Как совершенно справедливо отмечала В. И. Постовалова, "в рамках антропологической лингвистики могут быть объединены и успешно развиты на единой методологической основе такие направления лингвистики, как лингвогносеология, предметом которой является познавательная функция языка как формы представления познаваемого человеком мира, лингвосоциология (социолингвистика), изучающая взаимоотношения языка и общества, лингвопсихология (психолингвистика), изучающая взаимоотношения языка и индивида, лингвобихевиорология (лингво-праксеология), изучающая роль языка в практическом поведении человека, лингвокультурология, изучающая взаимоотношения языка и культуры, лингвоэтнология (этнолингвистика), ориенти-рующаяся на рассмотрение взаимосвязи языка, духовной культу-ры народа, народного менталитета и народного творчества, лин-гвопалеонтология, исследующая связи языковой истории с историей народа, его материальной и духовной культурой, географической локализацией, архаическим сознанием" [Постовалова
1988,9 и сл.].
Приведенная цитата дает полное представление о том, что может быть объединено благодаря признанию антропологического принципа в качестве методологической основы, т. е. определенной предпосылки исследования, и безусловный интерес при этом представляет и тот факт, что многие ученые призывают тоже превратить лингвистику и смежные науки в нечто более целостное и компактное, но под другим методологическим "зонтиком" — когнитивным. Так, выдвигая новую общую теорию языка, Ян Ньютс называет ее "когнитивно-прагматической": сего-
дня, — подчеркивает он, — область науки о языке вряд ли можно охарактеризовать как нечто связное, это скорее конгломерат различных сфер познания языка со своими собственными объектами анализа. Возникает вопрос, под эгидой какой науки можно было бы собрать все это и подчинить исследование языка более цельной программе. Ответ на этот вопрос все чаще формулируется так: исследование языка — это в основе своей исследование когнитивное [Nuyts 1992, 3-5]. Но этому направлению современной науки, по мнению Ньютса, недоставало функционального измерения. Вся его монография и посвящается идее обязательного совмещения когнитивного подхода к языку с функционально-прагматическим: "развивая модель когнитивной системы и процессов, ответственных за языковое поведение говорящих, следует, по всей видимости, принять прагматическую перспективу и базировать исследование на функциональных основаниях" [Nuyts 1992,83].
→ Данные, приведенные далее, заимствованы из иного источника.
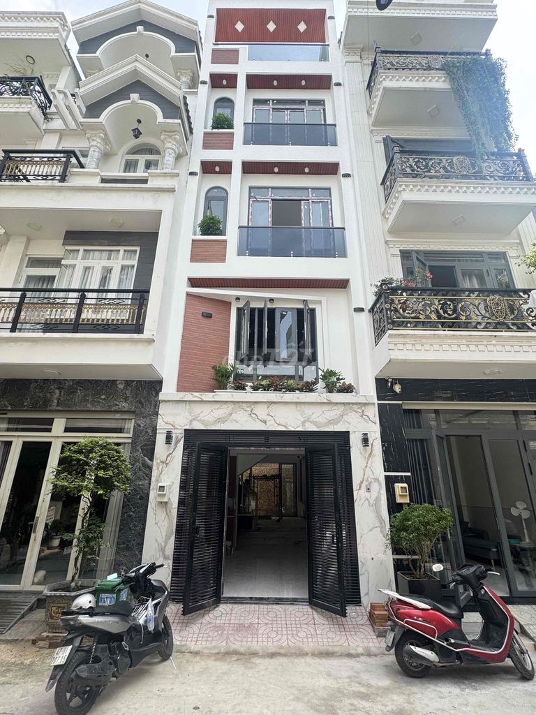 Căn nhà có diện tích đất 52m² (4m x 13m), tổng diện tích sử dụng khoảng 180m² với kết cấu 1 trệt, 1 lửng, 2 lầu và sân thượng, gồm 5 phòng ngủ và 5 phòng vệ sinh. Giá chào bán 5,7 tỷ tương ứng với đơn giá ~109,62 triệu/m² diện tích sử dụng.

Как ясно следует из изложенного, эти точки соприкосновения у, казалось бы, разных школ свидетельствуют и о том, что интеграционные процессы протекают в современной лингвистике интенсивнее, чем это представляется поверхностному взгляду, и что близость разных исследовательских программ выступает очевиднее всего в области их методологических предпосылок. То же самое, собственно, можно утверждать и о такой черте современной теоретической лингвистике, как ее функционализм. Этой черте, с одной стороны, более сложно дать общее определение, но, с другой, она кажется достаточно ясной на интуитивном уровне — должно быть это объясняется тем, что у функционализма выявляются более глубокие корни. Их можно связать и с деятельностью Пражского лингвистического кружка, и с целым рядом грамматических концепций отечественных языковедов. Эта линия развития, несомненно, демонстрирует наибольшую преемственность, которая существовала к тому же без особых разрывов. Вместе с тем многозначность терминов "функция" и "функциональный", служившая сама по себе предметом обсуждения на многих конференциях, затрудняет выделение четкого "общего знаменателя" для всех функциональных направлений: ср., например, такие разные версии функциональных грамматик как английская и нидерландская [Слюсарева 1985], лекси-
ческие функциональные грамматики, функциональная грамматика А. В. Бондарко [Бондарко 1983; Теория функциональной грамматики 1987], некоторые другие варианты функциональной грамматики в отечественном языкознании [Слюсарева 1987], в которых указанные термины получают разную интерпретацию.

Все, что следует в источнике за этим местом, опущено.